# Ohio Valley Bass Anglers( OPENS )



## rangervs81

Mosquito Lake 4/9/17 8:00-4:00 State Park Ramp
Lake Milton 6/4/17 6:30-2:30 Point View Ramp
$50 entry fee. You can fish alone or bring a partner.
limit 5 fish 12 inch both lakes


----------



## ROOK

cant wait


----------



## Tritonyounggun

I'll be there!


----------



## Tritonyounggun

What's the game plan if we still have snow on the ground reschedule or fish? I would bet the number of boats will be down if its cold


----------



## icetester

Its going to be perfect, water temp low to mid 50s


----------



## Tritonyounggun

Now we just need a nice 60-70 degree day to go with it.


----------



## NateS

Tritoyounggun your fishing with your normal river partner?


----------



## Tritonyounggun

Idk yet nate


----------



## Tritonyounggun

I thaught I was fishing with rangervs81 but since I don't have a ranger he is fishing with another guy that is buying a ranger


----------



## Tritonyounggun

Good luck on Sunday guys weather looks good for that day


----------



## johnboy111711

Weather good...fishing is very very tough


----------



## icetester

Yep, tough bite, and tougher after the snow...lol


----------



## Tritonyounggun

Yea but with that lake you never know


----------



## lunker4141

There is always someone bringing in a nice bag at Mosquito. Weather will be funky leading up but snow Friday early and two days till tourney I am sure the fish will be ready to bite.....someone will figure them out. I'll be out to fish this one.


----------



## icetester

lunker4141 said:


> There is always someone bringing in a nice bag at Mosquito. Weather will be funky leading up but snow Friday early and two days till tourney I am sure the fish will be ready to bite.....someone will figure them out. I'll be out to fish this one.

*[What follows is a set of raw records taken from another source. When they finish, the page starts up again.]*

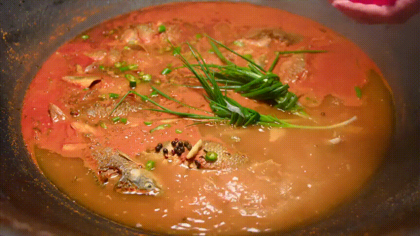 图|《沸腾吧火锅》©往白酸汤中,加入土生土长的毛辣果,酵出来的红汤通透爽朗,酸得醇厚。用来煮黄辣丁、江团、稻花鲤等,鱼肉在红汤里滚过后,皮弹肉嫩,酸楚动人。
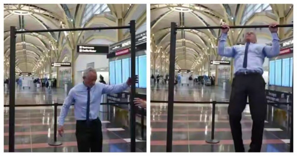 В аэропорту имени Рональда Рейгана в Вашингтоне после сообщения о новых инвестициях в американские авиагавани министры устроили соревнование по подтягиваниям.Кеннеди-младший подтянулся 20 раз, хотя последнее далось ему с заметным усилием.Министр Даффи, которому 54 года, сделал 10 подтягиванийЕго дочь справилась с 13. Лидером стал фитнес-блогер Пол Саладино, который выполнил 21 подтягивание.
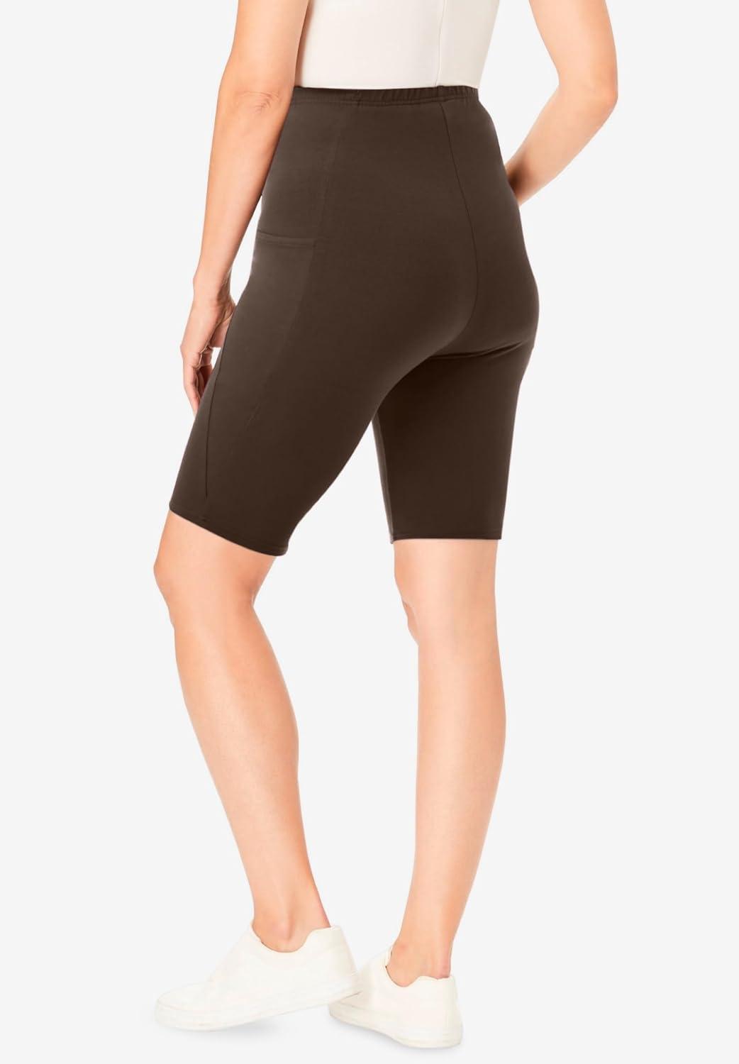 Woman Within Plus Size Stretch Cotton Pocket Bike Short(Chocolate)
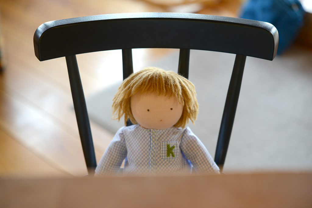 お母さんが作った、手づくりのお人形の男の子のおきゃくさまです。
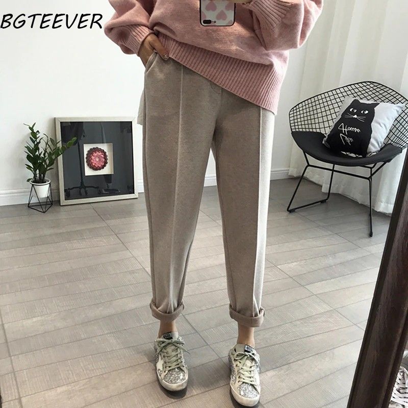 Брюки-Карандаш Женские Зимние Шерстяные, С Завышенной Талией
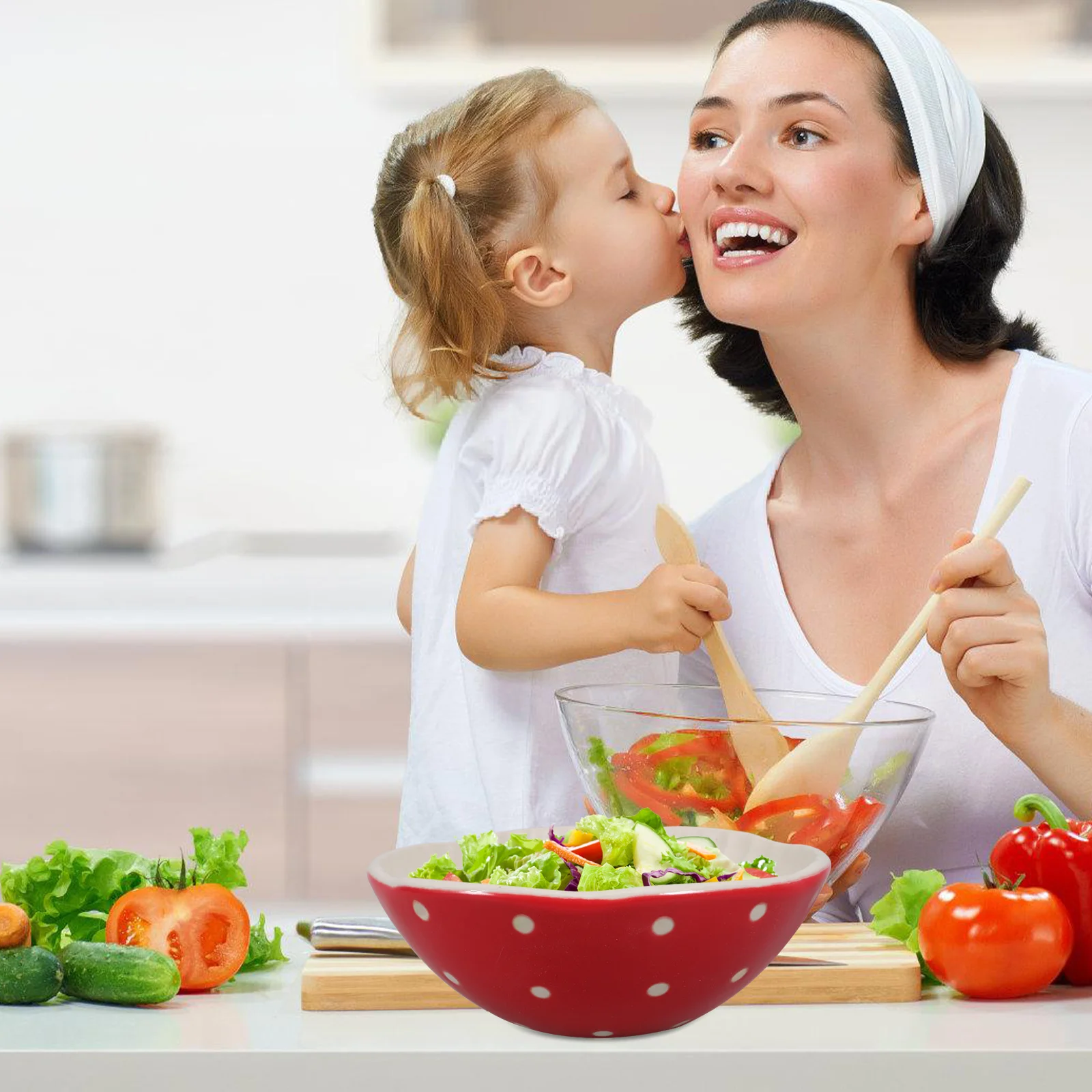 Ceramic Salad Bowl Mushroom Pattern Large Capacity for Food Storage Home Party Decoration Reusable Fruit Dessert Container
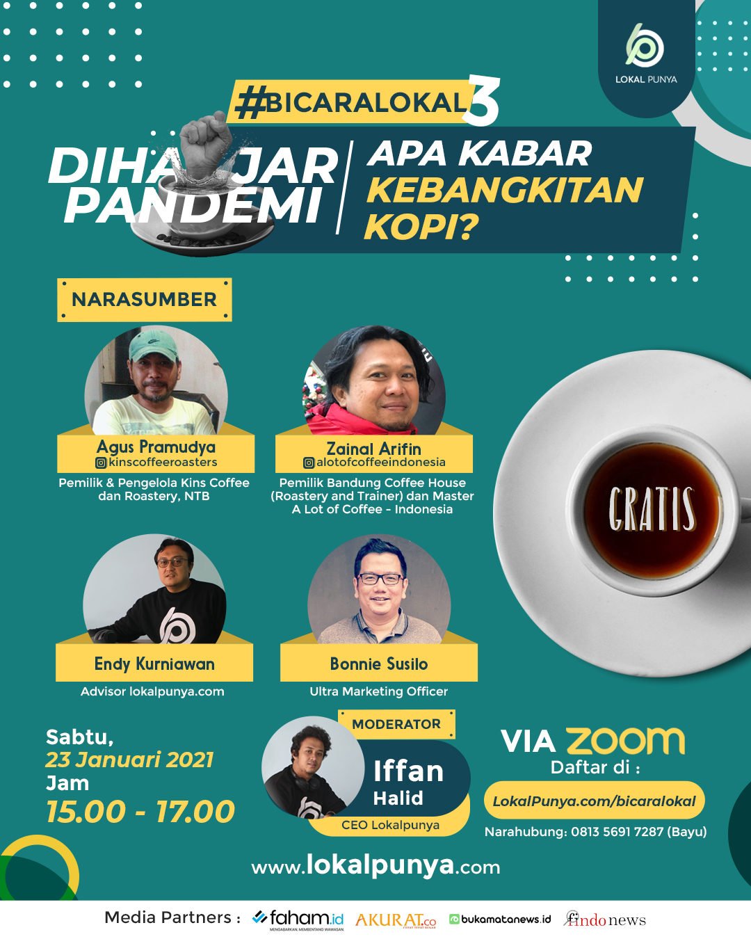 Menghadirkan 4 narasumber spesial yang terdiri dari pebisnis kopi lokal yang makin moncer justru di situasi sulit, pegiat inkubator dan akselerator usaha rintisan khususnya yang bergerak di sektor makanan dan minuman, dan praktisi lokapasar khusus produk lokal yang sedang bertumbuh cepat.
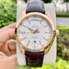 The bezel is mounted on a 41.5 mm 18K red gold case on a brown leather strap. This certified chronometer is powered by the OMEGA Co-Axial calibre 8612 which can be seen through the transparent caseback.

For sure... Snow is more of a joke really. Theres been a few days catching fish with the front deck all white. Gotta love Ohio..


----------



## Tritonyounggun

I agree icetester many days out with carpet completely white from snow absolutely crushing them you can't feel the cold when your hammering them!


----------



## Tritonyounggun

Good luck tommorow guys


----------



## NateS

Anybody have the results


----------



## ROOK

18lbs,big bass over 6


----------



## Buzzking

Is that an April Fools Day joke? 18#'s and a 6 pounder!! That's the biggest bass to come from Mosquito in a long time


----------



## Bassbully 52

Buzzking said:


> Is that an April Fools Day joke? 18#'s and a 6 pounder!! That's the biggest bass to come from Mosquito in a long time


Ike and I watched a team catch a mid 5lber in an open last year. they caught it 50 feet away from us.


----------



## johnboy111711

biggest since last August's 5.81 in the NOAA


----------



## icetester

Yall probably wont believe this, but for what its worth ill type it. A few years back we were pre fishing for an NOAA event on Mosquito. At the time we were on a top water bite and just covering water. We were in an area that was loaded with baitfish and the bite was pretty solid. Out of nowhere we spotted a large school of bass playing hell on all the bait that surrounded the area. As we continued to cast in and around this area the bass started to surface completely out of the water. We both hooked up with fish, a double header of 4#ers. We both saw several bass that were in the range of 3-5# largemouth. Heres the kicker, besides those spotted, we also were able to view 2 particular fish that went well over 7#s. Ive been bass fishing over 35 years. I know what a 5#-10# bass looks like. I say 7#s to not seem to stretch the story, but if i was to put money on it id say they were closer to 8-9#s. What seemed even more amazing was the fact that we were surrounded by a very large school of bass in numbers and size. If i was to guess, id say there were at least 30-40 bass schooling bait. After this day, i have had a new respect for Mosquito largemouth bass. You never know when, where and why when it comes to fishing....keeps me going back....


----------



## icetester

Ps....we never did find that school on tournament day....lmao


----------



## Tritonyounggun

June isn't far away hope to see everyone there and hope weather hold up for us


----------



## Jrich21

Is there a prize for who ever comes in first place ?


----------



## rangervs81

Jrich21 said:


> Is there a prize for who ever comes in first place ?


money


----------



## Tritonyounggun

Anyone been to Milton just curious on how the fishing is I can't wait to get there!


----------



## Tritonyounggun

Don't be afraid of the weather guys we will be there!


----------



## Rebels12

I hope the guy in the brown Astro with a Evinrude didn't win the tournament yesterday. He's the perfect example of why tournament anglers get bad reputations. No matter how many boats were on a bank, he was coming in. Unreal!!!!! Glad my Dad taught me to respect people on the water.


----------



## Tritonyounggun

I think I saw him come in on you fishing the shoreline on pad and cut you off


----------



## walleyekiller446

Tritonyounggun said:


> I think I saw him come in on you fishing the shoreline on pad and cut you off


Every Monday night there is a tournament there 530 till dark 30 a boat if anyone is interested


----------